In some ways, I think I have changed. Whenever I start to get uptight or anxious, a wonderful calmness comes over me. People that know me well have commented that they have noticed a change. When I sit and talk to caregivers facing stress in their lives, I think I am better able to calm and reassure them now. Our visits and phone chats are meaningful because it is special one-on-one time, time for connecting. There is laughter and sometimes tears. We talk about memories and how important our memories are. Best FriendsTM helps with those memories because if a caregiver can accept that their loved one can’t get their memories back, they can at least live peacefully for the rest of their days and make new memories together that the caregiver can keep. I talk to caregivers about memories because each day they spend with their loved one is very precious. I feel like I got the inside scoop on something, you know?

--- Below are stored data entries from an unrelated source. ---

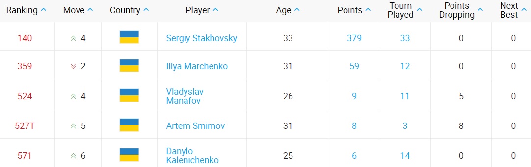 Что касается украинцев, то Сергей Стаховский поднялся на 4 места. Также по несколько позиций добавили Владислав Манафов, Артем Смирнов и Данила Калениченко. На 2 строчки опустился Илья Марченко.
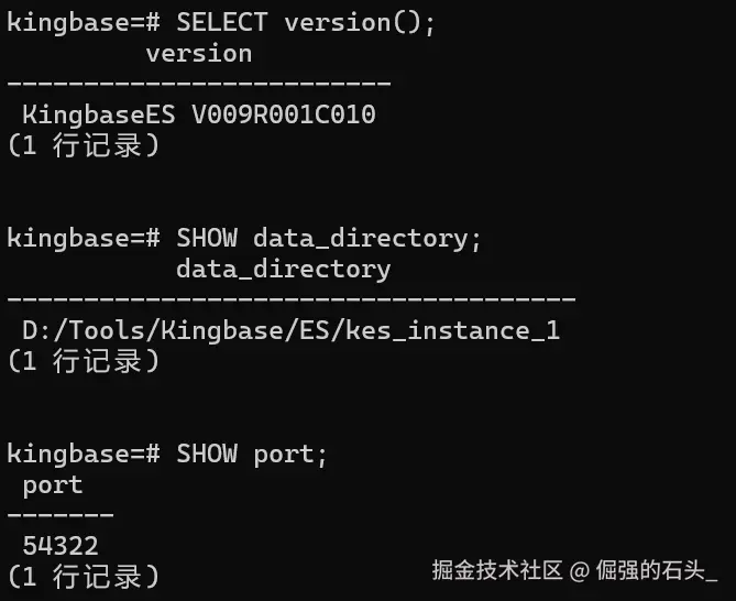 ksql -U system -d kingbase -h 127.0.0.1 -p 54322
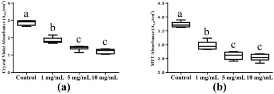 The metabolic activity of the saliva-derived biofilms was revealed in Figure 1b. The metabolic activity decreased from control group and 1 mg/mL group to the 5 mg/mL and 10 mg/mL groups significantly (p < 0.05). Compared with the control group, metabolic activity of 1 mg/mL group decreased significantly (p < 0.05). In addition, the biofilms on the titanium discs coated with 5 mg/mL and 10 mg/mL DMADDM solution showed the same metabolic activity statistically.
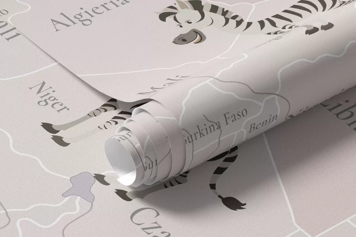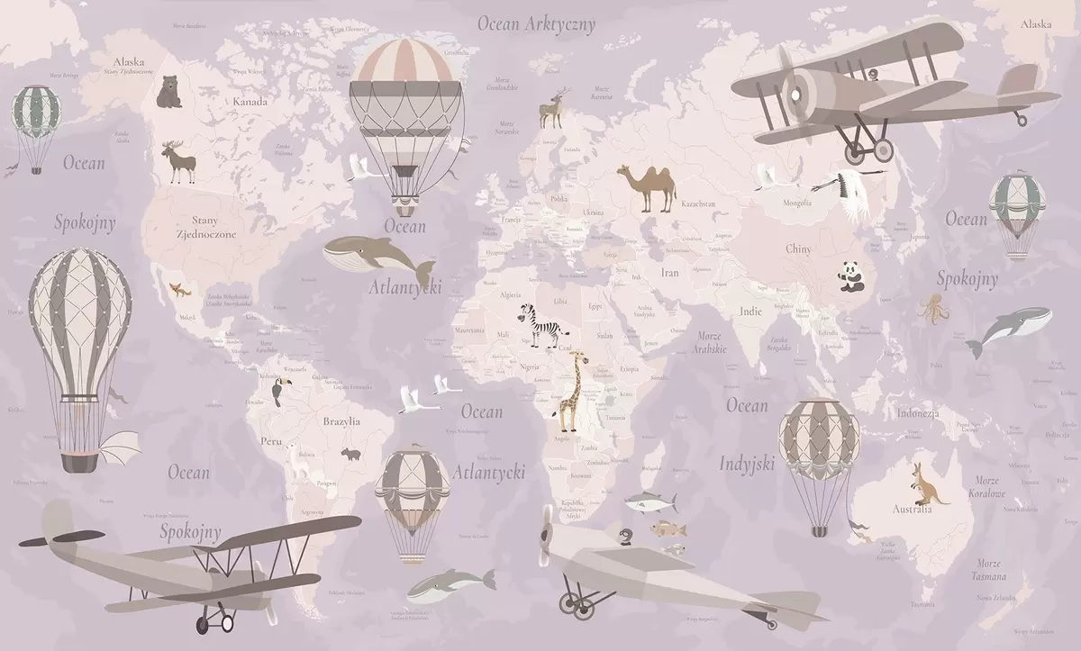 Fototapetak Gyerekeknek szóló világtérkép állatokkal, repülőgépekkel és hőlégballonokkal. Lengyel nyelv. Lila szín. Nr. c00003plv4

I have lost quite a few caregivers because once the consumer with dementia or Alzheimer’s dies, we have to end our work with the caregiver. I had a funeral director tell me something once, and it really helped me when I’ve lost someone to dying. He said, “Every family that walks in gets 100% of me. I’m there for them 100%. But you know what? There’s always another family who’s going to need me. And I’m going to give them 100% of me as well.” So I always have to figure out, “What is 100%?” I think it’s just giving your time to somebody and letting them know they matter, and that’s what I do. I give 100%, but I always know that there is another caregiver and I need to be 100% again for tomorrow.

I can completely wrap up my day at the end of the day. When things get really tense, I go for a ride and turn the music up as far as I can. I love music. I love everything, all kinds of music, even rap. So, I go for a ride and turn the music all the way up and it’s such a release for me at the end of the day. I had a caregiver once whose husband was downtown shopping. I left the house and he saw me go booming by. He went home and said, “You should have seen that Karen go by downtown. She had her radio blasting.” She calls me up and goes, “What is up with you?” I just laughed. I love doing it, I just love it. That’s how I always let go of the day. I think it’s a stress release for me. Things like this are important because I have to know how to take care of myself because if I didn’t, I couldn’t help caregivers. I have to be a caregiver to myself, just like I always tell caregivers,“Remember to take care of you, too.” They are an inspiration to me, and I love my job. I can let people go when our time working together is done because I know that I helped the caregiver get down the road and be there for their loved one. It’s a long road and it’s a tough road, but at least they didn’t have to do it alone.